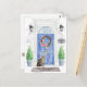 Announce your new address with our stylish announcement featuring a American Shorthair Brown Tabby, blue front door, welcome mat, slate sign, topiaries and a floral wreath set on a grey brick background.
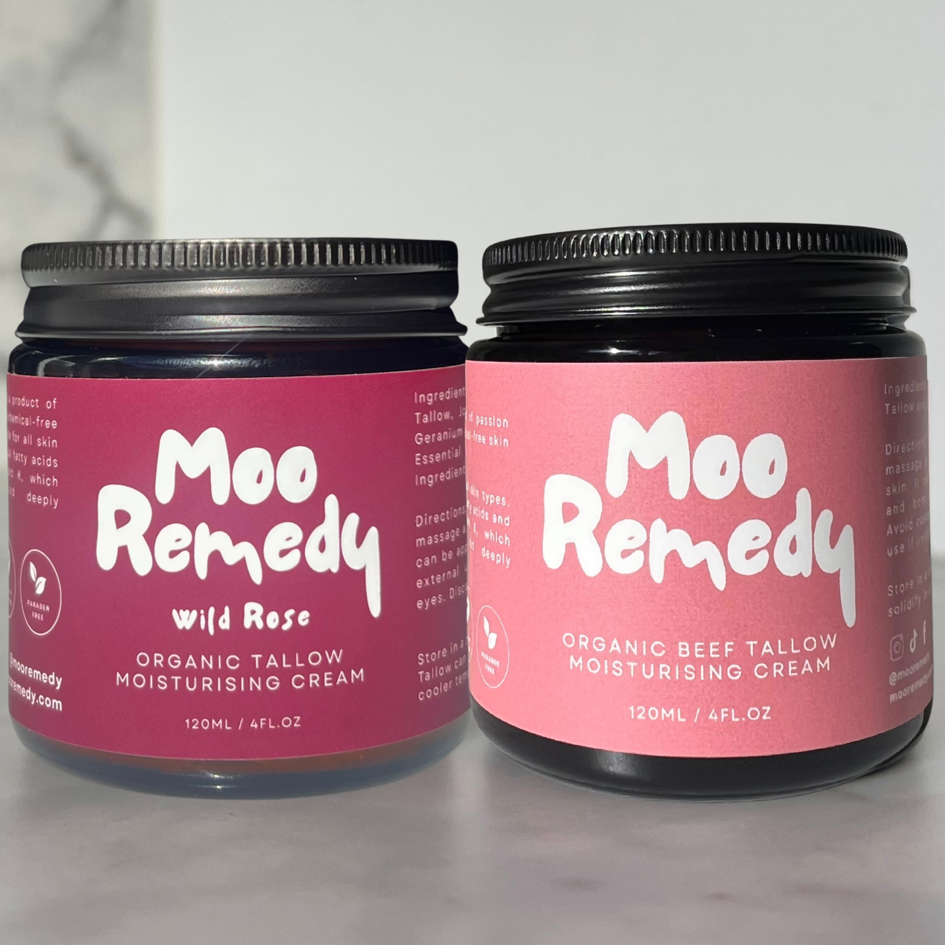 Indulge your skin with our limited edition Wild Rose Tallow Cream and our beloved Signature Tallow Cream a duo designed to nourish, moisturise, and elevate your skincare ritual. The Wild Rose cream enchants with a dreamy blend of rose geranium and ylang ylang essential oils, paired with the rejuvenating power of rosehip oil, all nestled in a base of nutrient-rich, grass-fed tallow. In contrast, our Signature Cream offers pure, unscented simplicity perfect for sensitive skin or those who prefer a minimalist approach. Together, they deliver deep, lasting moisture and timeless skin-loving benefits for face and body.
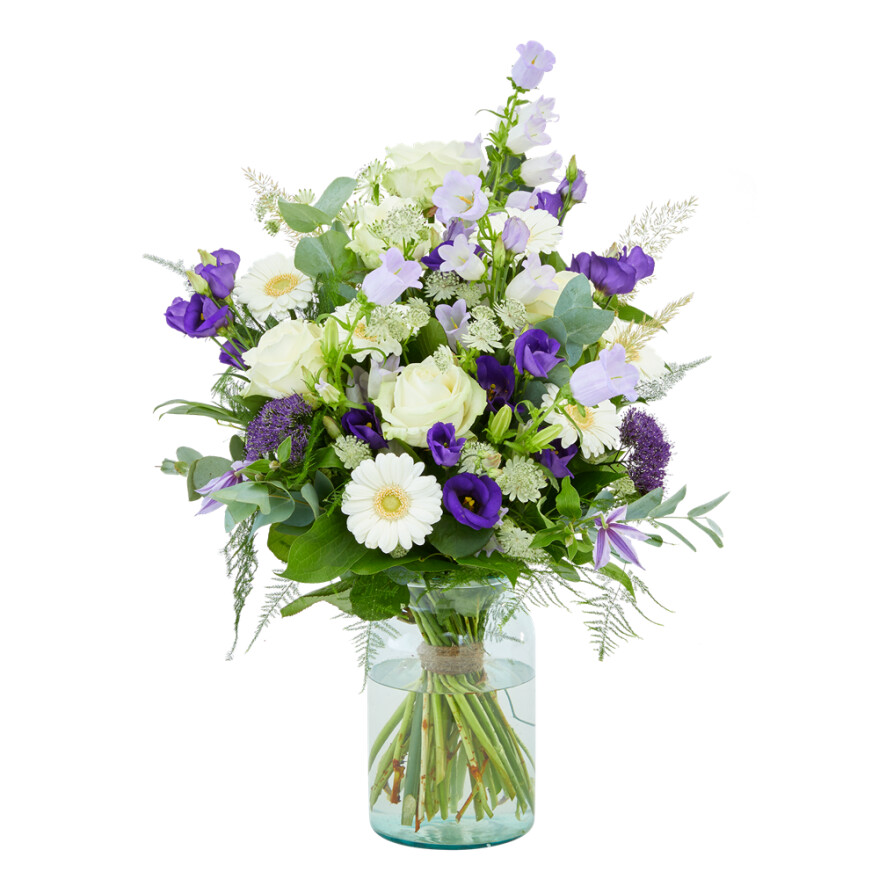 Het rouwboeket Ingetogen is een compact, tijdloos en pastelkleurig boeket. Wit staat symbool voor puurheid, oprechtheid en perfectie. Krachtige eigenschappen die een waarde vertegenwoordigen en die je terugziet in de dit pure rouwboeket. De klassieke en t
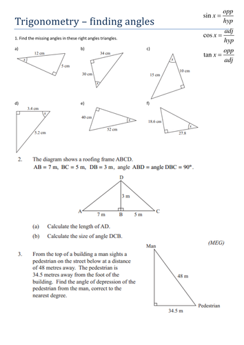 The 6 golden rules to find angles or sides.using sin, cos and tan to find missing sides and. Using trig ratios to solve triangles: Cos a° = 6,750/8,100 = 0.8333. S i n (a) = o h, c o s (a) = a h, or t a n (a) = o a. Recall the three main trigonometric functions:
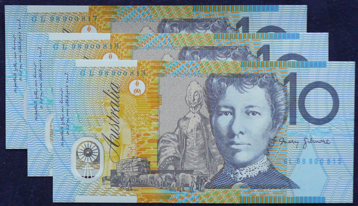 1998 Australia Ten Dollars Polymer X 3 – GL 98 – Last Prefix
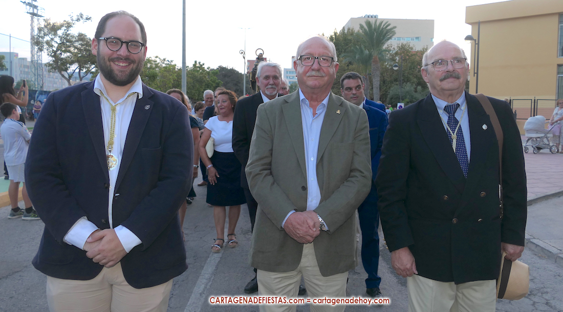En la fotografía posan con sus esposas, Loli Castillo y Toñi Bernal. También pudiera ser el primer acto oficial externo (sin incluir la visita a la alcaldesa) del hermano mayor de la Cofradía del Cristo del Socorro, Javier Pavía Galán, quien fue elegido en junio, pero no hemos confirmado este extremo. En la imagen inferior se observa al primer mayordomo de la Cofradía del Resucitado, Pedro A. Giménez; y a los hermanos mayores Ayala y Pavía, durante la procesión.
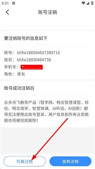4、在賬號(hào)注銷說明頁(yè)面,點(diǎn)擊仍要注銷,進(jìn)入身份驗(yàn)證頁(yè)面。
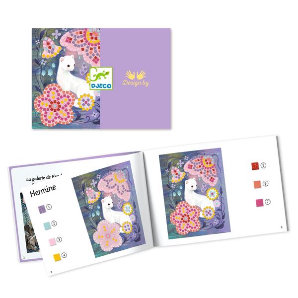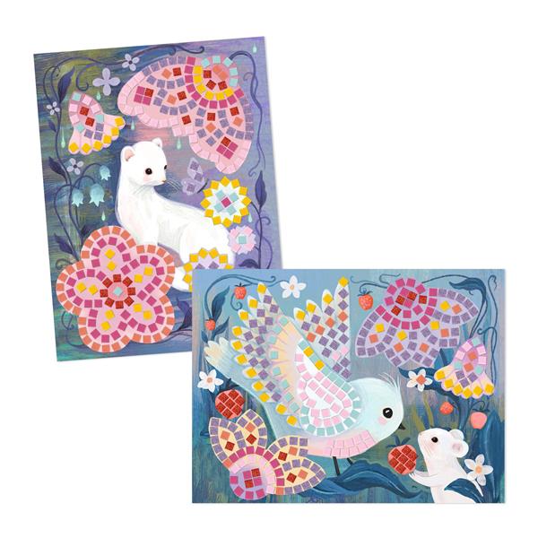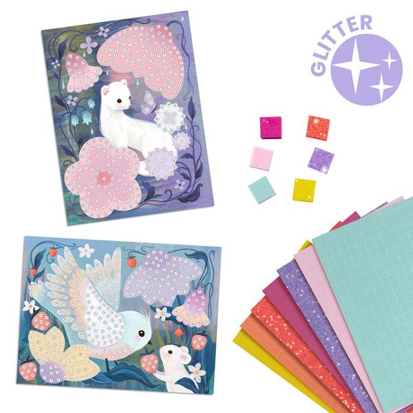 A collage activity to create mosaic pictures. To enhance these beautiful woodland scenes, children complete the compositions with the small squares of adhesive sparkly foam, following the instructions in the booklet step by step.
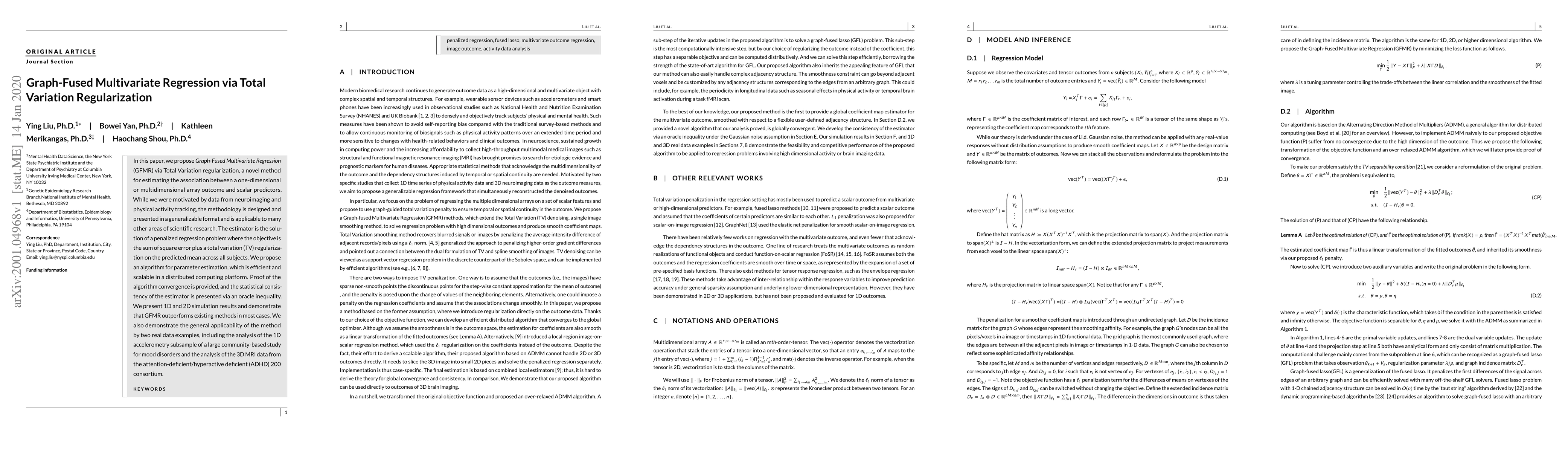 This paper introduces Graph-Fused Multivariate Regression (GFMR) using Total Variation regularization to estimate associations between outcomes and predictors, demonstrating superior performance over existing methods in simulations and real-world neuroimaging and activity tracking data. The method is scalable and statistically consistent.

════════════════════

# TASK BRIEF
Give again the lines of the listing above that run from the one with "En la fotografía" up to and including the one with "A collage activity". Keep them exact and omit the pictures.

# RESPONSE TO THE EXERCISE
En la fotografía posan con sus esposas, Loli Castillo y Toñi Bernal. También pudiera ser el primer acto oficial externo (sin incluir la visita a la alcaldesa) del hermano mayor de la Cofradía del Cristo del Socorro, Javier Pavía Galán, quien fue elegido en junio, pero no hemos confirmado este extremo. En la imagen inferior se observa al primer mayordomo de la Cofradía del Resucitado, Pedro A. Giménez; y a los hermanos mayores Ayala y Pavía, durante la procesión.
4、在賬號(hào)注銷說明頁(yè)面,點(diǎn)擊仍要注銷,進(jìn)入身份驗(yàn)證頁(yè)面。
 A collage activity to create mosaic pictures. To enhance these beautiful woodland scenes, children complete the compositions with the small squares of adhesive sparkly foam, following the instructions in the booklet step by step.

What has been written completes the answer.